Search Gatherer Threads Test

Search in SharePoint 2013 enables users to find relevant information more quickly and easily than ever before and makes it easy for Search administrators to customize the search experience.

The search architecture consists of the following areas:

  • Crawl and content processing
  • Index
  • Query processing
  • Search administration
  • Analytics

Figure 1 depicts how these components work together to implement the search functionality in SharePoint 2013.

 

searcharch

Figure 1 : How search works in SharePoint 2013?
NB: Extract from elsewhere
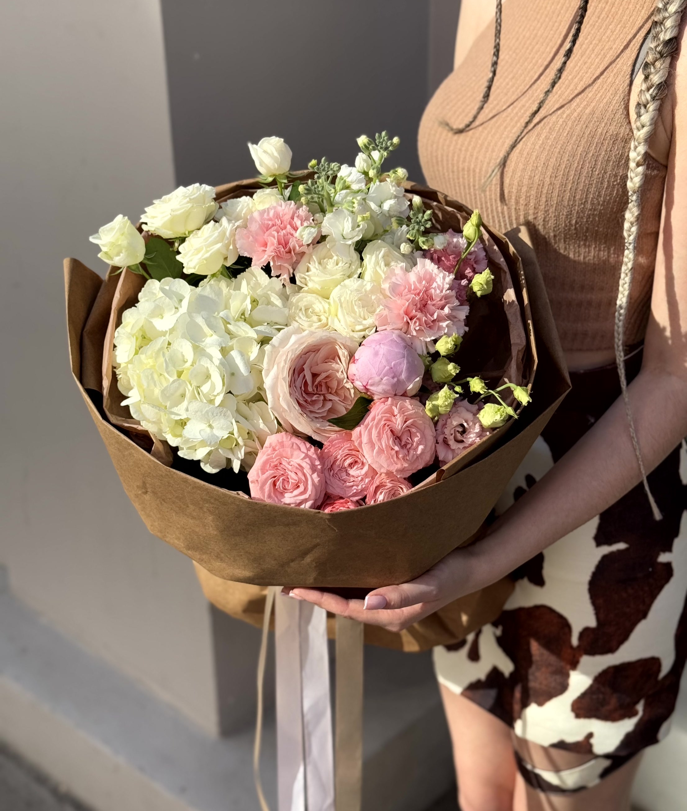 Стильный букет с сезонными летними цветами в крафтовой упаковке- нежные пионы Сара Бернар, ароматная маттиола и цветущая стойкая эустома- отличный летний тандем.

From Figure 1, it is clear that the crawl component lays the foundation for the search mechanism! The crawl component crawls content sources to collect crawled properties and metadata from crawled items and sends this information to the content processing component. This means that if the crawl component is unable to crawl the content hosts, it could impact the speed of every dependent operation – be it content processing, indexing, query processing etc. – thereby crippling the entire search engine! Hence, for search in SharePoint 2013 to be quick and efficient, administrators should primarily keep an eye on the crawl component, swiftly isolate painpoints in crawling, and clear them rapidly. To achieve this, administrators can use the Search Gatherer Threads test. This test monitors the crawling process and reveals how well the crawling worker threads are doing their jobs. While at it, the test proactively notifies administrators of a potential slowdown (if any) n crawling and pinpoints what is causing the slowdown – a hungry content host?  or improperly configured crawls?  . 

Note:

This test will report metrics only if the crawl component is available on the target SharePoint server.

  

Target of the test : A Microsoft SharePoint Server

Agent deploying the test : An internal agent

Outputs of the test : One set of results each for the Microsoft SharePoint server that is being monitored

Configurable parameters for the test
Parameters Description

Test period

This indicates how often should the test be executed.

Host

The host for which the test is to be configured.

Port

The port at which the host server listens.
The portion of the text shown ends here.